There’s something poetic about the way sailing season in Chicago ends just as Halloween arrives. The warm sunsets of July give way to crisp October wind, docks empty out one by one, and the harbor slowly transforms from a summer playground into a quiet stretch of water waiting for the big freeze. And for many of us who grew up on the lake, the end of the season wasn’t just a task on the calendar — it was a ritual.
For my family, that ritual always fell just before Halloween. While other kids counted candy buckets, we were counting dock lines, prepping the sails, and swapping life jackets for fleece. And every year, like clockwork, we would make one final voyage: a slow, chilly, and surprisingly magical delivery trip down the Chicago River to tuck the family sailboat into her winter berth.
I remember stepping aboard in my costume more than once — a pirate hat over my knit cap. The bridges would rise as we approached, steel skeletons creaking overhead, and the echo of our wake would bounce off stone walls and skyscrapers like something out of a ghost story.

The river always felt different in late October — quieter, darker, almost theatrical. City lights shimmered off the water like pumpkins glowing on a porch, and I always imagined the river was telling us a final goodbye before winter pulled the curtain closed.
That delivery trip became even more meaningful after 2016, the year my father passed away on October 2nd. He was the captain of those fall voyages — the one who knew every current, every bridge tender, every trick for keeping fingers warm on a tiller in late October. The river run became a kind of living tribute after he was gone: a way to honor him not with flowers or speeches, but with the sound of a bow breaking water and the skyline unfolding ahead just the way he loved it. Now, each year as the season ends, I feel him most clearly in the small moments — a gust he would have commented on, a joke he would have made, the steady comfort of routine he taught us as kids. That final sail has become a remembrance, a ritual stitched with gratitude and grief, and one I now carry forward for him.

The adults sipped something warm from thermoses. And every time we passed under another bridge, I felt like we were sailing through a doorway — from one season into the next.
Now, as I watch our boats, instructors and students wrap up their own final sails of the year, I feel that familiar tug: the mixture of pride in how far they’ve come, sadness at packing the season away, and excitement knowing that rest is just part of the rhythm of the water. Boats need their winters, just like sailors do.

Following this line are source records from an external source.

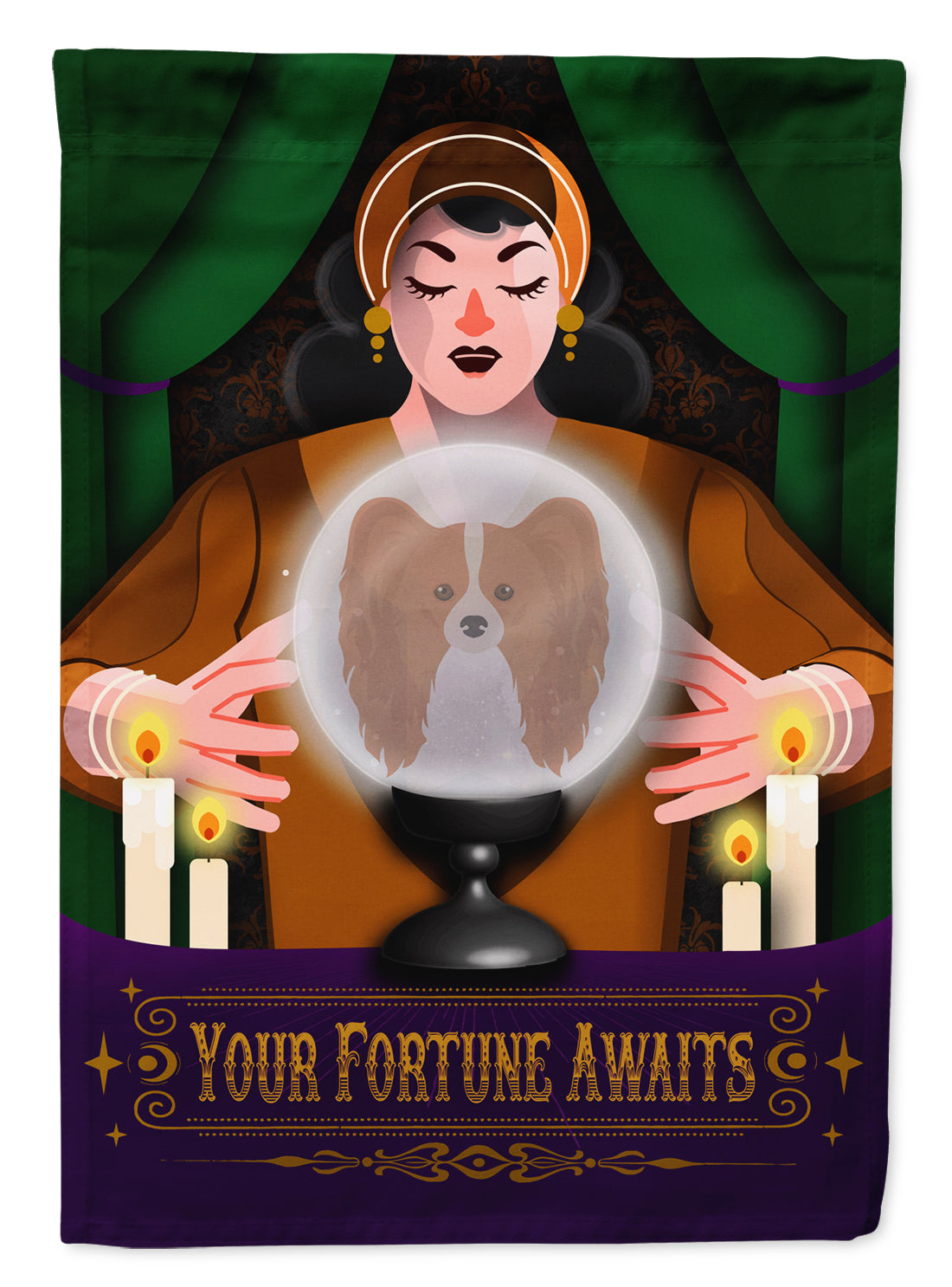Garden Flag featuring breed specific Papillon artwork. Enhance the beauty of your garden, patio, or yard with Caroline's Treasures Decorative Garden Flag, proudly made in the USA. Crafted from two pieces of thick, double-sided polyester fabric, this 2-ply garden flag is designed to withstand various weather conditions, making it water-resistant and weatherproof. Featuring correctly readable words on both sides, this garden flag offers a delightful visual experience from any angle. With its heavier weight, it stands out among other garden flags, ensuring stability and durability even in wind, rain, and snow. Measuring approximately 11 1/4 inches by 15 1/2 inches, this flag allows you to personalize your outdoor decor. It comes with a 1 1/2-inch sleeve sewn in, allowing easy attachment to any standard garden flag stand or garden size porch hanger (sold separately). Make a statement in your outdoor space with Caroline's Treasures Decorative Garden Flag, a vibrant and high-quality flag that adds color and personality to your surroundings. Proudly made in the USA, it's a symbol of quality craftsmanship and attention to detail.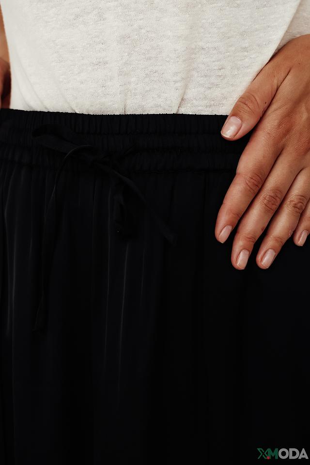 Брюки выполнены из 100% вискозы, что обеспечивает комфорт и приятные ощущения при носке. Завышенная талия визуально удлиняет ноги и подчеркивает фигуру. Удобный пояс на завязках позволяет регулировать посадку по фигуре.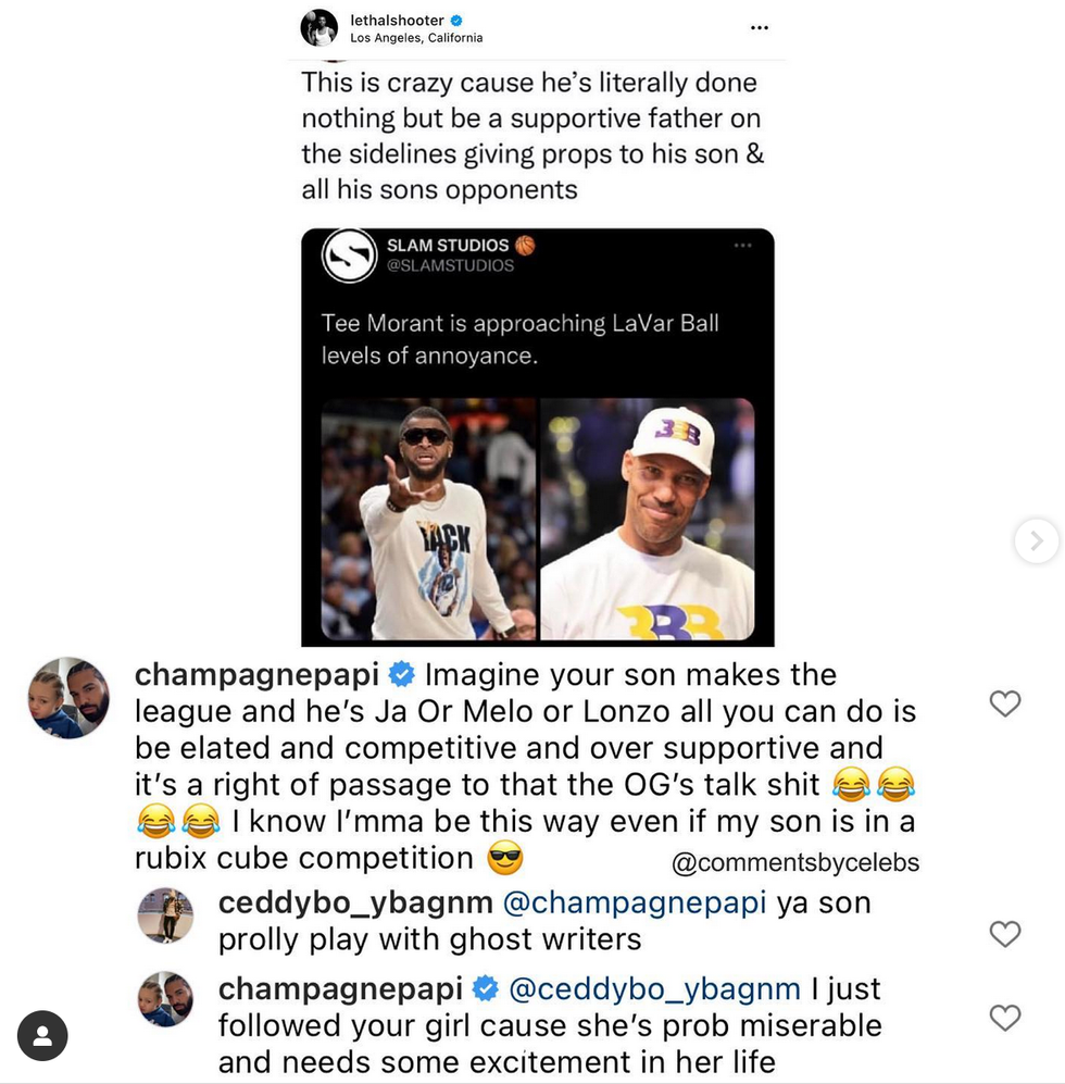 The barb began when the “Certified Lover Boy” rapper–who goes by @champagnepapi–had written on an Instagram post from @lethalshooter about Tee Morant and LaVar Ball.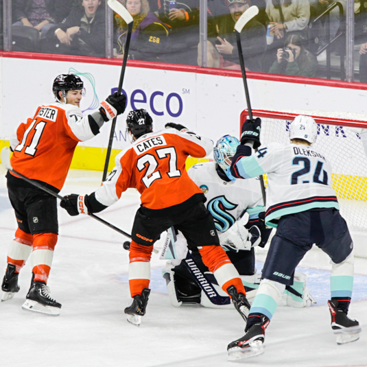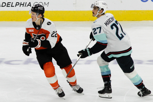 PHILADELPHIA – Owen Tippett hit for a double on Monday night to lead the Flyers to a 5-2 win over the visiting Seattle Kraken.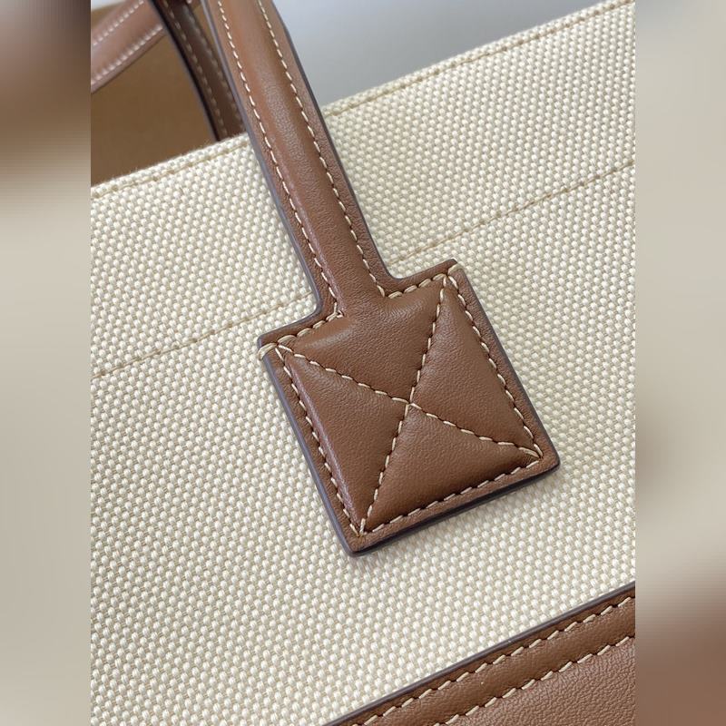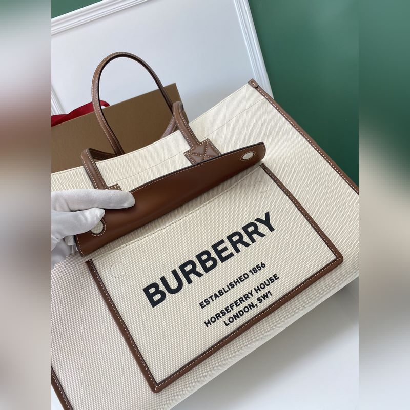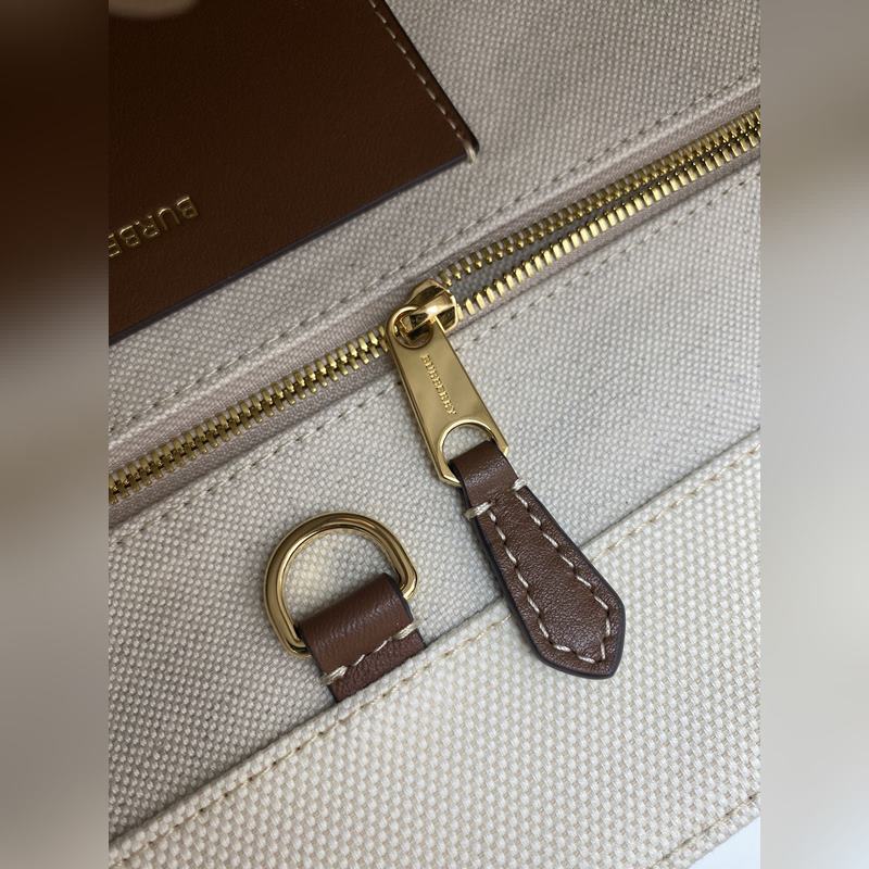버버리의 최신 세련된 토트백은 가죽 소재에 탑스티치와 면 캔버스를 사용했
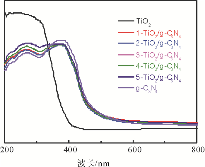 TiO2/g-C3N4复合物的制备称取适量TiO2粉末加入到100 mL制备好的Sg-C3N4悬浮液,并搅拌均匀, 在80℃下搅拌蒸干。将蒸干后的样品在400℃下煅烧2h, 自然冷却即为TiO2/g-C3N4复合物。其中,TiO2质量分数为1%~5%的样品,分别记为1-TiO2/g-C3N4, 2-TiO2/g-C3N4, 3-TiO2/g-C3N4, 4-TiO2/g-C3N4和5-TiO2/g-C3N4。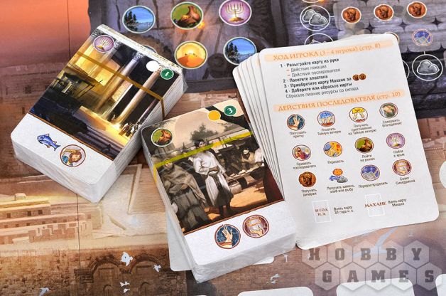 Вы поведёте свою общину, добывая припасы, изучая притчи и стремясь занять лучшие места за столом рядом с Иисусом. Однако путь к вечере непрост: каждый ход вы разыгрываете карты, выбирая цепочку действий, которая позволит привлечь апостолов и получить ценные бонусы.
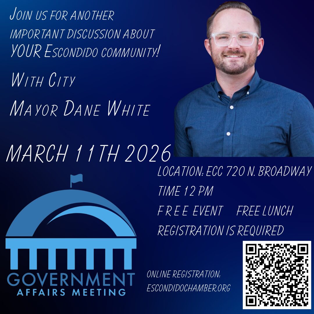 The Escondido Chamber of Commerce is all about our community. From the small mom and pop stores to the large companies, we are here to support you, your vision, and to make the region stronger by engaging businesses with the community via unique events, activities, and programs.
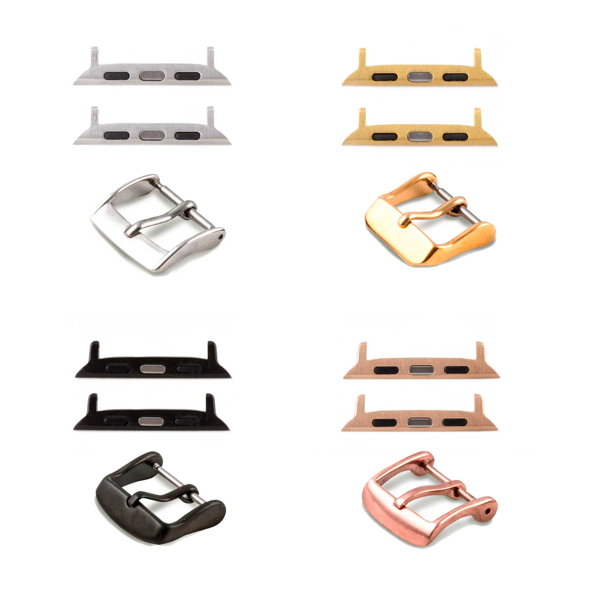 Apple Watch adapters and buckle (steel, brushed steel, gold colored, black PVD, pink gold PVD)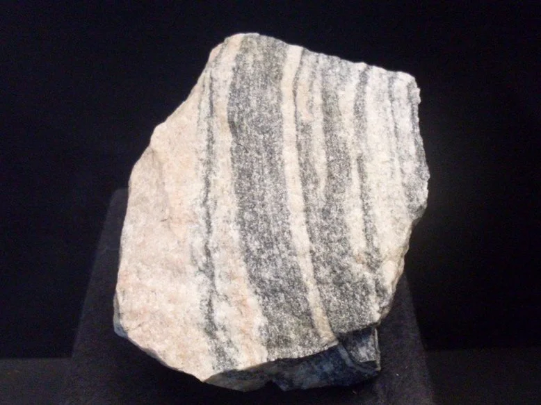 It’s here that things start to get gneiss. That’s gneiss spelled G-N-E-I-S-S, from an old German word for “spark”. Gneisses have distinct layers, divided into alternating light and dark bands like zebra stripes. These bands form when the rock is sheared in one particular direction, like pressing and shifting a deck of cards between your hands. This shearing force stretches and divides minerals into beautifully contorted bands of gneiss.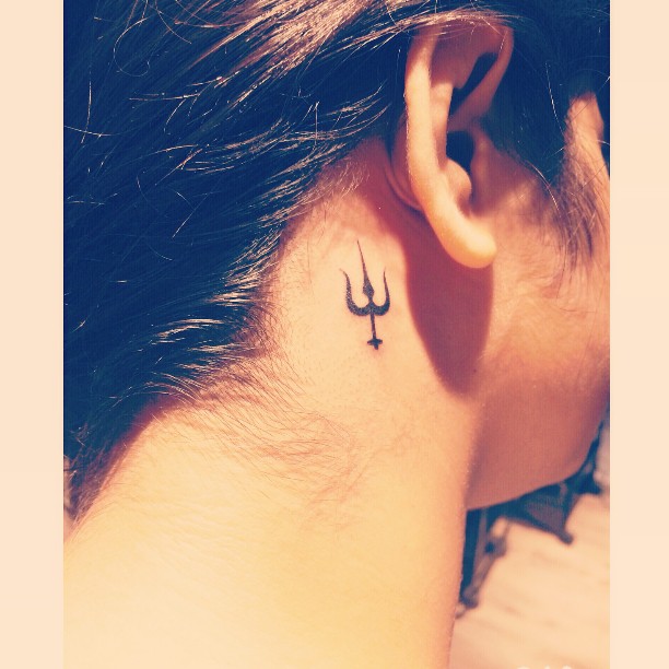 A small trident tattoo is placed just behind the ear, referencing strength, protection, and divine power. The simple silhouette keeps the symbol instantly recognizable yet understated.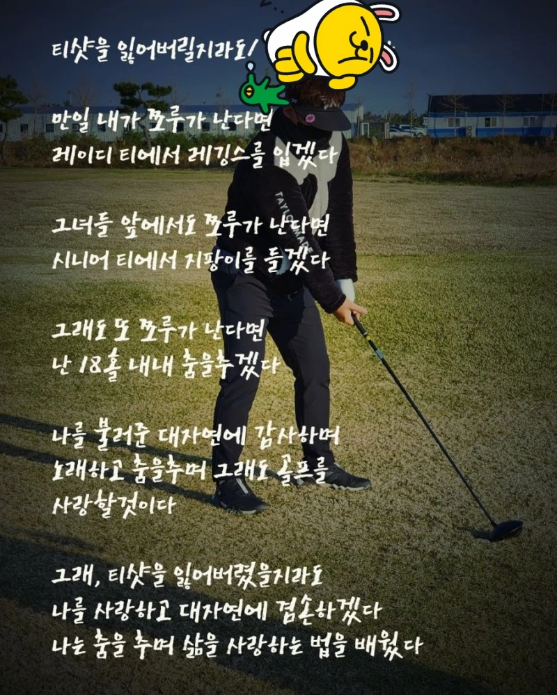 포기는 아니지만 대자연에 감사하며 명량골프로 전환한다. 춤을 추며 아무렇지도 않다고 노래한다. 부글 부를 끓는 속을 잠재우려 더 신나게 놀아본다. 어쩌겠나. 내 탓이지.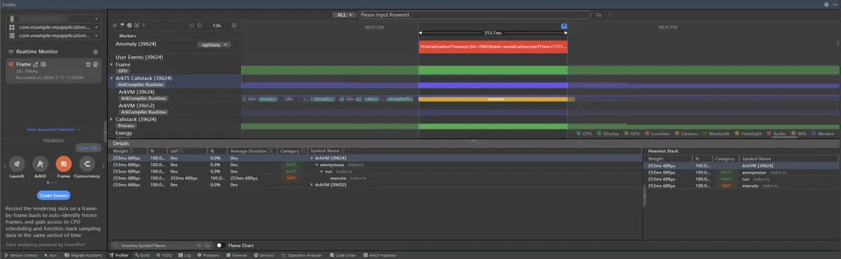 DevEco Studio新增主线程序列化和反序列化检测能力,同时支持配置序列化/反序列化超时阈值。对于超过阈值的序列化和反序列化操作,在泳道中给出告警提示,并可以关联该时刻的调用栈信息,更好地帮助开发者定位性能问题。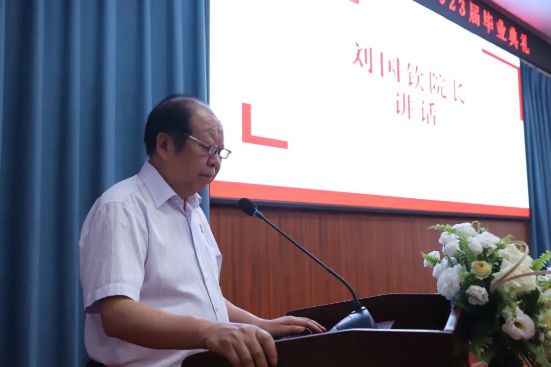 學院副院長李玉德宣讀畢業生名單。院長劉國欽依次為機電工程系、現代農業系、基礎教學與公共管理系畢業生代表頒發畢業證書,逐一佩戴印有學院校訓的綬帶,與同學們親切交談,并留下珍貴合影。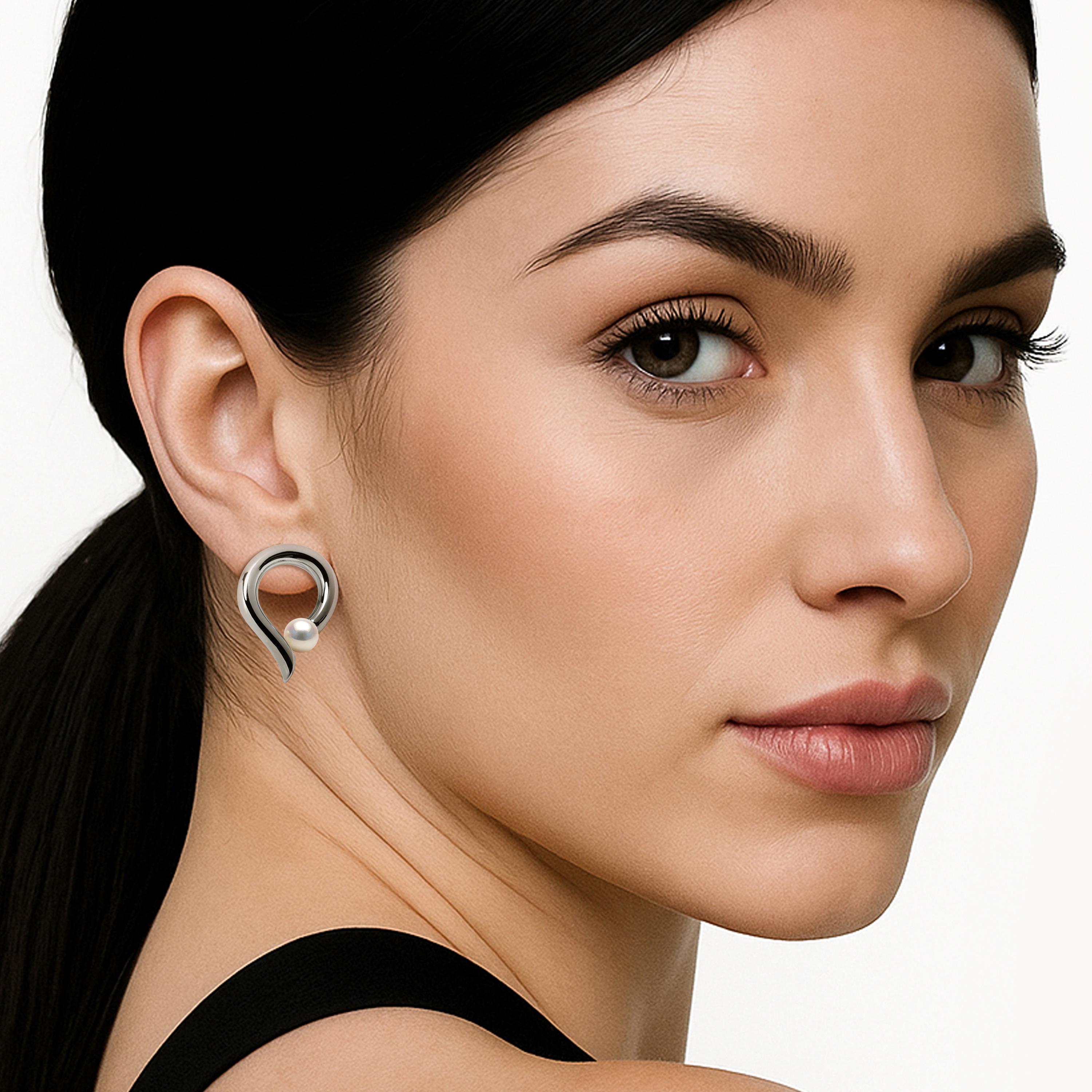 This dramatic yet understated design turns the earlobe into architectural canvas, with the tension-set pearl capturing light from every angle. The open teardrop allows gentle movement, reflecting Taormina’s ethos of modern geometry fused with timeless wearability.

Halloween is a reminder that endings don’t have to be spooky — they can be sweet, reflective, and even playful. The end of the sailing season isn’t a farewell, just a pause. The sails will fly again. The water will warm. And one day, another young sailor will stand on a bow in a costume, feeling that same mix of river wind and wonder.
Until then — enjoy the candy, honor the memories, and may the ghosts of summers past keep your sea stories well-haunted. ⛵🎃
This post isn’t just about sailing — it’s about endings, memory, and the way traditions become anchors in our lives. It’s about how water teaches us to move forward while still holding on to the people and moments that shaped us. And it’s a reminder that every season, even the closing ones, holds its own kind of magic.
If you’ve ever marked time by the rhythm of a shoreline, a sport, a family ritual, or a loved one’s legacy, I hope it resonates.